HIVEX: A High-Impact Environment Suite for Multi-Agent Research

Currently, no open-source benchmark for multi-agent reinforcement learning (MARL) closely mimics real-world scenarios focused on critical ecological challenges, offering sub-tasks, fine-grained terrain elevation or various layout patterns, supporting open-ended learning through procedurally generated environments and providing visual richness. Most common benchmarks with direct realworld applications are in the following domains: 1. intelligent machines and devices, 2. chemical engineering, biotechnology, and medical treatment, 3. human and society, and 4. social dilemmas Ning & Xie (2024).

The main HIVEX environment features are either procedurally generated or sampled from a random distribution. Therefore, training and evaluation are differentiated by seed values, ensuring testing scenarios are not seen during training. We aim to assess and compare MARL algorithms, focusing on test-time evaluation with zero-shot test scenarios. If applicable, a scenario consists of an environment and a task-pattern or terrain elevation combination. Each environment has a main end-to-end task and isolated subtasks that are independent or part of the main task. Environments have between two and nine tasks, various layout patterns, or terrain elevation levels. The environments described are ordered by increasing complexity in observation size and type, action count and type, and reward granularity, including individual and collective rewards. We introduce combinations of vector and visual observations and discrete and continuous actions.

Drone based Reforestation Environment

Oral at ICLR CCAI 2025

Wind Farm Control

Wind Farm Control – Main environment features: Main wind direction, wind noise field sample, agent controlled wind turbine. The default layout of the WFC environment consists of eight wind turbines. Each turbine receives six vector inputs: its position (x, y), its orientation (x, y), and the local wind direction (x, y). The agent controlling each turbine has three discrete actions: do nothing, turn left, or turn right. The primary reward is based on the amount of wind energy generated when the turbine is optimally aligned with the wind direction.

The default layout of the WFC environment consists of eight wind turbines. Each turbine receives six vector inputs: its position (x, y), its orientation (x, y), and the local wind direction (x, y). The agent controlling each turbine has three discrete actions: do nothing, turn left, or turn right. The primary reward is based on the amount of wind energy generated when the turbine is optimally aligned with the wind direction.

Wildfire Resource Management

Wildfire Resource Management – Main environment features: Wind field sample, overcast field sample, temperature field sample, humidity field sample, growing wildfire.

The WRM environment consists of nine agents, each managing one of nine watchtowers. Each agent observes three environmental factors: temperature, humidity, and cloud cover, as well as whether a fire has been detected within 600 meters and the current resource level of its watchtower. Each watchtower starts with 1.0 resources, which can be allocated in 0.1 increments to either the agent’s own tower or neighboring towers. Agents receive maximum rewards when their watchtower is well-resourced and a fire is approaching. For each step where the fire approaches and the watchtower is adequately prepared, the agent receives a high reward.

Ocean Plastic Collection

Ocean Plastic Collection – The main environment features an Agent-controlled ocean plastic collection vessel, trash field sample, nearest neighbours, and trash population map.

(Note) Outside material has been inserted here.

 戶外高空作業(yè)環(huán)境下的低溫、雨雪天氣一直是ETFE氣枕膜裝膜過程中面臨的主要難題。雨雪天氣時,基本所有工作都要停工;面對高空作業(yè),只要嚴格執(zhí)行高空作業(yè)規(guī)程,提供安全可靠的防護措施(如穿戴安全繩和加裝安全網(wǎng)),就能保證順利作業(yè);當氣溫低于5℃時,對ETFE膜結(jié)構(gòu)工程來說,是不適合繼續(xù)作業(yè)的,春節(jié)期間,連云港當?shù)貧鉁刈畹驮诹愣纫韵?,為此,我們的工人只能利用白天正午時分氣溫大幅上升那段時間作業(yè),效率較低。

The default OPC environment includes three agents, each controlling a plastic collection vessel. Agents receive a 25×25 visual grid, where each cell represents 2 meters, along with vector observations such as their position (x, y), forward direction (x, y), and the position of the nearest agent (x, y). Agents can move forward, turn left, or turn right. Rewards are granted for each plastic pebble successfully collected from the ocean.

 

Drone-Based Reforestation

Drone-Based Reforestation – Main environment features: Terrain sample, forest sample, non-visible to agent optimal reforestation area, non-visible to agent height map.

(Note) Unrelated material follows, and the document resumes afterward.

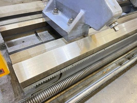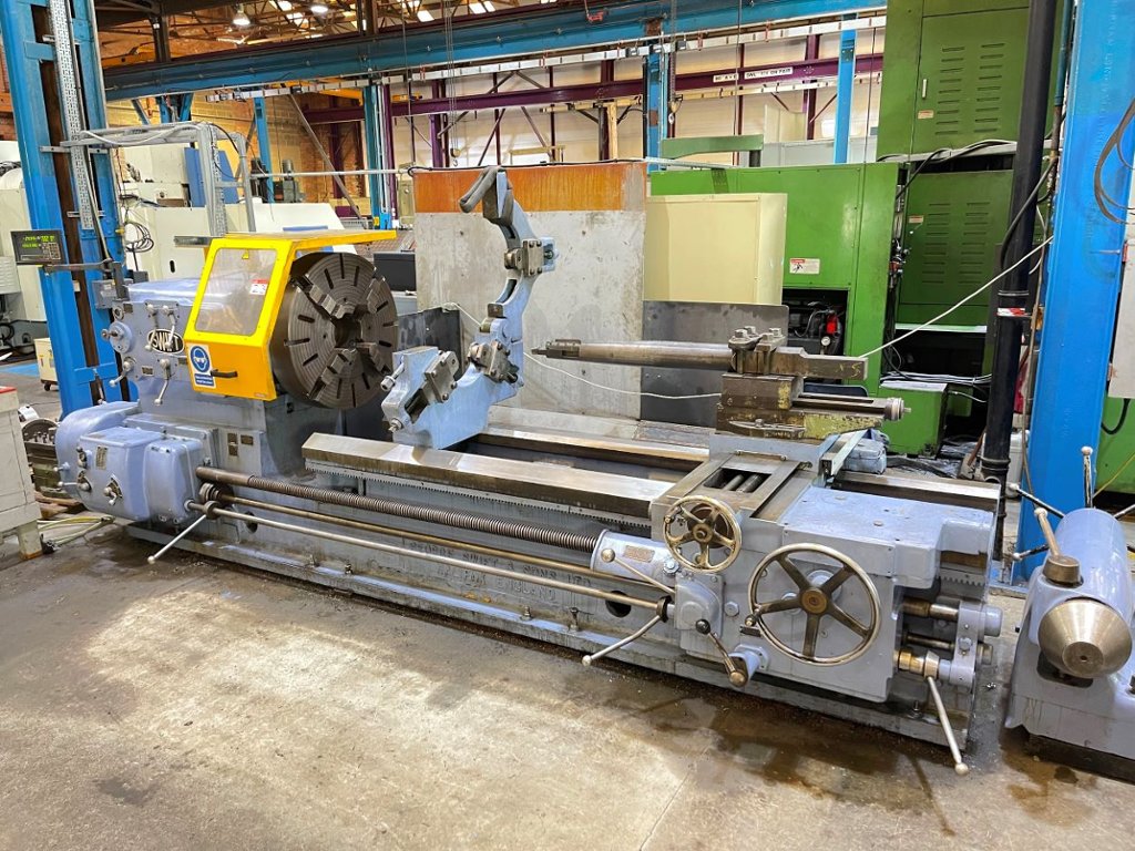 Swing over bed 32”. Swing over cross slide 24”. Swing in gap 64”. Distance between centres 80”. Spindle speeds 2.2 – 535 rpm. Spindle bore 4.3/16”. Width of bedways 30”. 31.1/2” 4 jaw chuck. Tailstock taper 6MT. 16” dia. capacity 3 point roller steady. 3 way toolpost. Additional boring bar toolpost. Interlocked chuck guard. Machine dimensions L x W x H 180” x 78” x 86” high. Approximate weight 10,000 kg

The default DBR environment features three agents, each controlling a drone. Each agent’s observations include a vector with data such as the drone’s distance to the ground, position (x, y, z), spawn height, whether it’s carrying a seed, battery levels, and terrain, forest, and height maps. Additionally, agents receive a 32×32 grayscale visual observation. Agents can perform actions such as moving forward, backward, up, down, rotating left or right, saving optimal positions, and dropping a seed if carrying one. Rewards are given for successful seed drops, with bonuses for drops in highly fertile areas.

Aerial Wildfire Suppression

Aerial Wildfire Suppression Environment: (1) Water Collection Area, (2) Agent-controlled Wildfire Suppression Aeroplanes, (3) Village. Environment Features: Wind field sample, overcast field sample, temperature field sample, humidity field sample.

The default AWS environment consists of three agents, each controlling an airplane. Each agent receives both vector and visual observations. The vector observations include position (x, y), forward direction (x, y), the position of the nearest tree (x, y), and the tree’s state: either [burning] or [not burning]. The visual observation is a 42x42x3 rgb grid. Agents can steer left, steer right, or release water. Rewards are given for extinguishing burning trees, with smaller rewards for preparing non-burning but alive trees. A small reward is also granted for picking up water.